Data excerpts
*** Begin section ***

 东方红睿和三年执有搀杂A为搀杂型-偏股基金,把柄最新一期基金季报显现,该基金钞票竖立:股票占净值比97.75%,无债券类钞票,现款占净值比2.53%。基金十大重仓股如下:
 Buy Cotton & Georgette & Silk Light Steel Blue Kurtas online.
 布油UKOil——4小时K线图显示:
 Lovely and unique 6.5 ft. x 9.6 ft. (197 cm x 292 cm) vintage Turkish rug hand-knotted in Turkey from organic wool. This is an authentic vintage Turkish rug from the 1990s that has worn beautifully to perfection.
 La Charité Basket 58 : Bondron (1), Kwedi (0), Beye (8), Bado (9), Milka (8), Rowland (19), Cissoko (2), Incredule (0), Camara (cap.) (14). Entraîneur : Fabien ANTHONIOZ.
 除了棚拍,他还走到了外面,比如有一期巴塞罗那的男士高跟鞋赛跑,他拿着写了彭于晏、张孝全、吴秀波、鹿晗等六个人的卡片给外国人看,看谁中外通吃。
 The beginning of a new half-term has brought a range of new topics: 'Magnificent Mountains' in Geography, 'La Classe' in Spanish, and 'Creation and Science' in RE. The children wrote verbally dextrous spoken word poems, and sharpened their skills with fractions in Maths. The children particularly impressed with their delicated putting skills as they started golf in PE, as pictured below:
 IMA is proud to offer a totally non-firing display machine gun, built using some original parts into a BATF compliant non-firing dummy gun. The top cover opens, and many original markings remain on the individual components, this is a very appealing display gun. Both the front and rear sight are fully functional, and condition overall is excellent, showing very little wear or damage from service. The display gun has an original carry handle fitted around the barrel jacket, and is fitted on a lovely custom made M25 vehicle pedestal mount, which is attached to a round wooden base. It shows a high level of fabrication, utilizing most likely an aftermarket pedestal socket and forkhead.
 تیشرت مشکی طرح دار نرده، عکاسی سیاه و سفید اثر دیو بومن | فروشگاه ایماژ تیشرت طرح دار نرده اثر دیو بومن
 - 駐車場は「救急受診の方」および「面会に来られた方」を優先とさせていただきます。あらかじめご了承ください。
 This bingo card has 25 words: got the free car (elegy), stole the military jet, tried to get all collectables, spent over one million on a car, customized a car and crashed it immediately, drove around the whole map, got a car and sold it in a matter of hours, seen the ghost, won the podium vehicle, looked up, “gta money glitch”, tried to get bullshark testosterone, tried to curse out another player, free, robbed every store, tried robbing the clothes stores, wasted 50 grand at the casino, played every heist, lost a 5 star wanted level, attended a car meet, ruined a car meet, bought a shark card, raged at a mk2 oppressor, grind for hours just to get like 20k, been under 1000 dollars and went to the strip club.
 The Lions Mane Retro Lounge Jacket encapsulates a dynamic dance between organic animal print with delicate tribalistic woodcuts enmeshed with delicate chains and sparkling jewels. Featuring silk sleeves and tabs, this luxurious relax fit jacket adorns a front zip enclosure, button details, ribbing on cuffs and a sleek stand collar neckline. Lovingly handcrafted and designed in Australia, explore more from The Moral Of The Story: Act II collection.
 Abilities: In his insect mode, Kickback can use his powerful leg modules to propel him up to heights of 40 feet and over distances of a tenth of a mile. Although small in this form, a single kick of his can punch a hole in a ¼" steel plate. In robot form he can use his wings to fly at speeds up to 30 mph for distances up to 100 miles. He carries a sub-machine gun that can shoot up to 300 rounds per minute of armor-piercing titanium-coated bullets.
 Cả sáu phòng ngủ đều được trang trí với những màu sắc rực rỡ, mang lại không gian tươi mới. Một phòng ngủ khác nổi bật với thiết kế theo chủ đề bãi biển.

*** End section ***

* **TASK TO CARRY OUT**
Copy out all lines above holding "jacket".

* **EXERCISE RESULT**
 IMA is proud to offer a totally non-firing display machine gun, built using some original parts into a BATF compliant non-firing dummy gun. The top cover opens, and many original markings remain on the individual components, this is a very appealing display gun. Both the front and rear sight are fully functional, and condition overall is excellent, showing very little wear or damage from service. The display gun has an original carry handle fitted around the barrel jacket, and is fitted on a lovely custom made M25 vehicle pedestal mount, which is attached to a round wooden base. It shows a high level of fabrication, utilizing most likely an aftermarket pedestal socket and forkhead.
 The Lions Mane Retro Lounge Jacket encapsulates a dynamic dance between organic animal print with delicate tribalistic woodcuts enmeshed with delicate chains and sparkling jewels. Featuring silk sleeves and tabs, this luxurious relax fit jacket adorns a front zip enclosure, button details, ribbing on cuffs and a sleek stand collar neckline. Lovingly handcrafted and designed in Australia, explore more from The Moral Of The Story: Act II collection.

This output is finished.